• [WORK ORDER]
Once you reach the line containing "- 53-Inch Scratch-Resistant" in the data below, restate each line word for word up to and including the one containing "Das Haus liegt".

• [SUPPLIED DATA]

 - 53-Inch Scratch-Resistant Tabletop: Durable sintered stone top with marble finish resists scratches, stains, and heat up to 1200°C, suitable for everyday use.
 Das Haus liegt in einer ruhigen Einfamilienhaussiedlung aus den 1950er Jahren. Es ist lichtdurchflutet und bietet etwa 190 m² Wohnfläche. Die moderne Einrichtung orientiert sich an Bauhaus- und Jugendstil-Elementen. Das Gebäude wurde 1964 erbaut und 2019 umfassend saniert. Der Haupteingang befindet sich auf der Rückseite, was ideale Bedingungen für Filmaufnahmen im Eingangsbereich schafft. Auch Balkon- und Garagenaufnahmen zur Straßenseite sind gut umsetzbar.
* * *
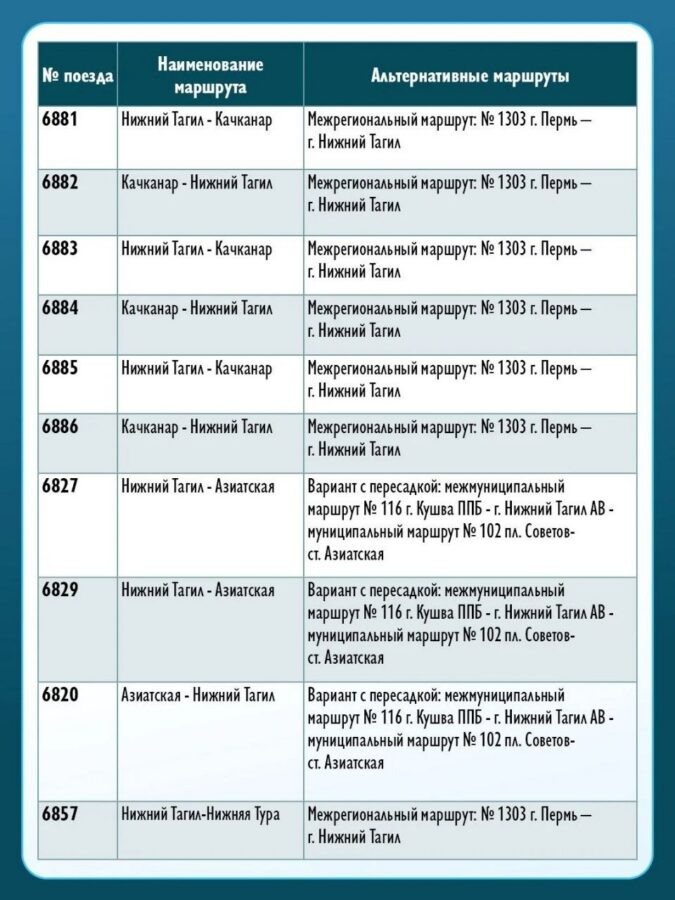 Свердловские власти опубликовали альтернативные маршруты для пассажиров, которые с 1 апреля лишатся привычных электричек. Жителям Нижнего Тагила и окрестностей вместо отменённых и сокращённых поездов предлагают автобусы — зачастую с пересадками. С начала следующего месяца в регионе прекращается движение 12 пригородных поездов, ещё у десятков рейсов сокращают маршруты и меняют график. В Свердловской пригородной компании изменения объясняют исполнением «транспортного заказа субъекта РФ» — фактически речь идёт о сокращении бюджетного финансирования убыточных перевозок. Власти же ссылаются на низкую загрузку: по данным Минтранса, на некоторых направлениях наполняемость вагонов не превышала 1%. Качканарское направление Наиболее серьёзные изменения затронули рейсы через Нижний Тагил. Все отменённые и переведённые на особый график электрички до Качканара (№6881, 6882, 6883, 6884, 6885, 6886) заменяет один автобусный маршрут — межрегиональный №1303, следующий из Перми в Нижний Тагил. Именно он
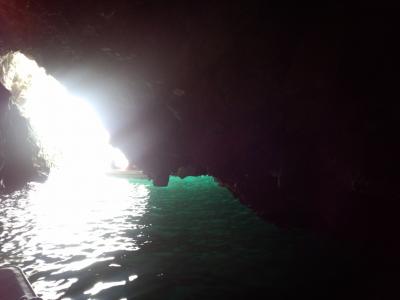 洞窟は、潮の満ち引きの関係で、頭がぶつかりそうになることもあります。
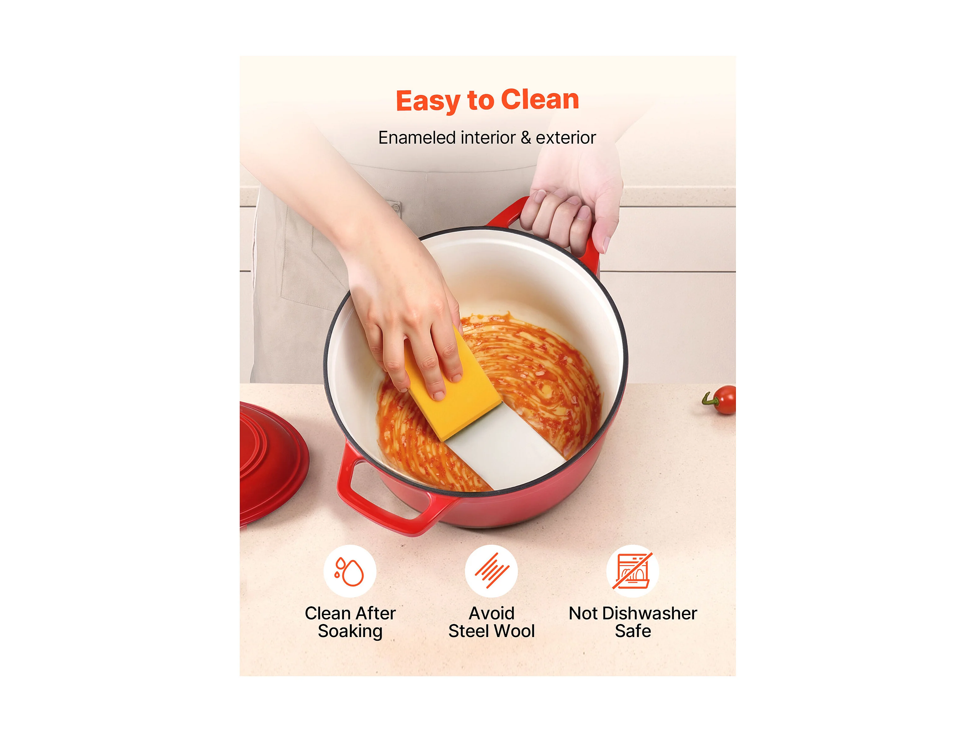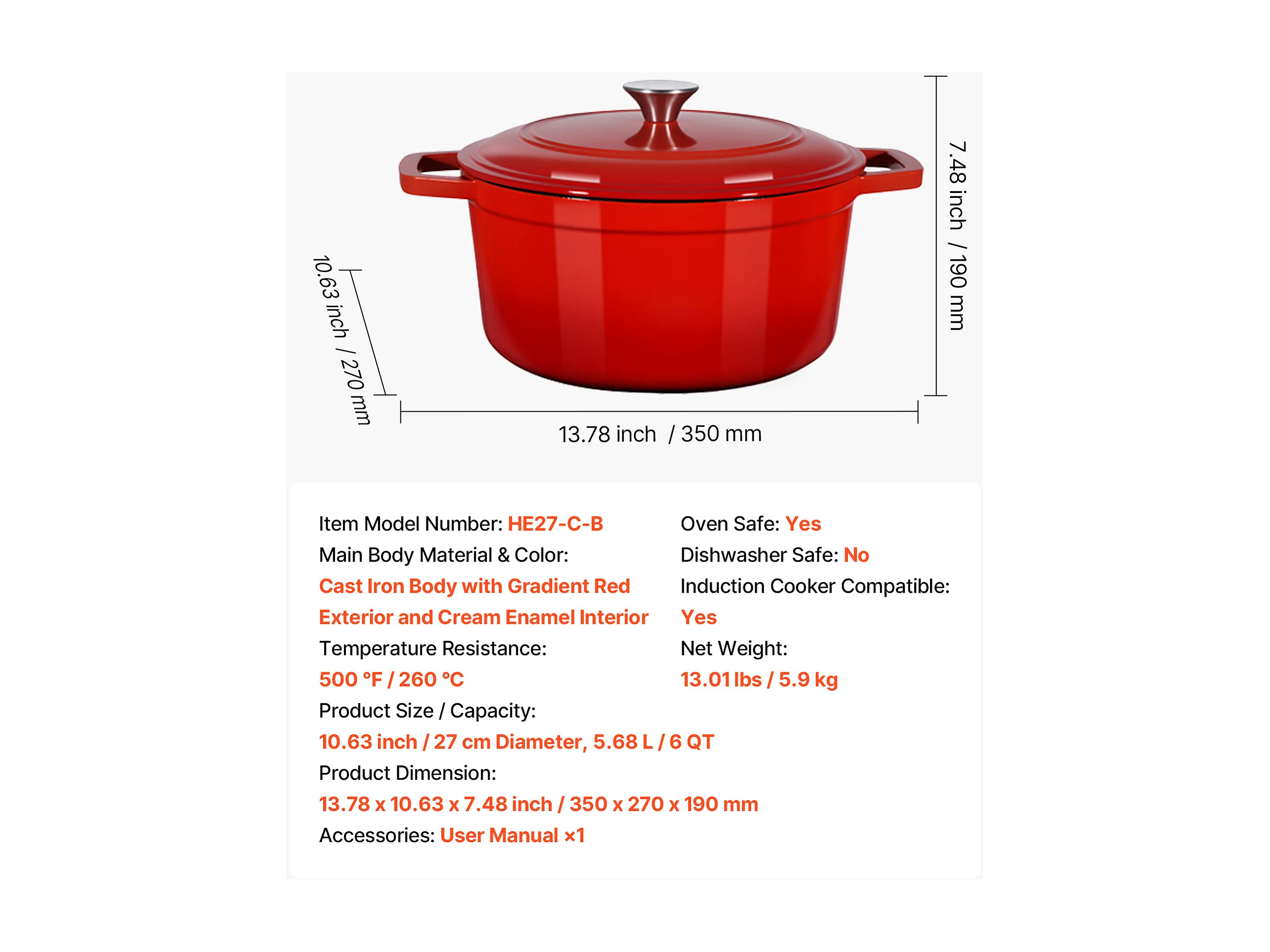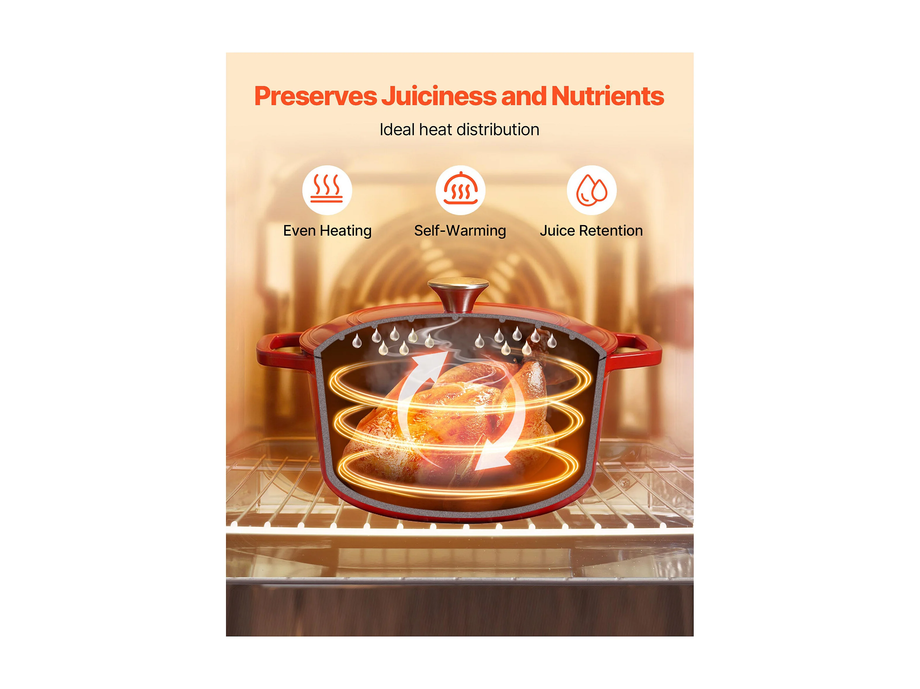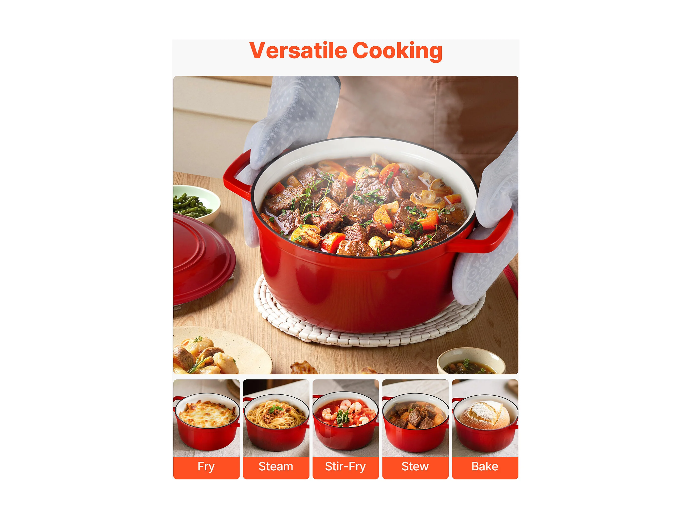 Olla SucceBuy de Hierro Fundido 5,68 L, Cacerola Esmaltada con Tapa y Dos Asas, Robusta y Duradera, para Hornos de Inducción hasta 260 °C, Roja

• [RESPONSE]
 - 53-Inch Scratch-Resistant Tabletop: Durable sintered stone top with marble finish resists scratches, stains, and heat up to 1200°C, suitable for everyday use.
 Das Haus liegt in einer ruhigen Einfamilienhaussiedlung aus den 1950er Jahren. Es ist lichtdurchflutet und bietet etwa 190 m² Wohnfläche. Die moderne Einrichtung orientiert sich an Bauhaus- und Jugendstil-Elementen. Das Gebäude wurde 1964 erbaut und 2019 umfassend saniert. Der Haupteingang befindet sich auf der Rückseite, was ideale Bedingungen für Filmaufnahmen im Eingangsbereich schafft. Auch Balkon- und Garagenaufnahmen zur Straßenseite sind gut umsetzbar.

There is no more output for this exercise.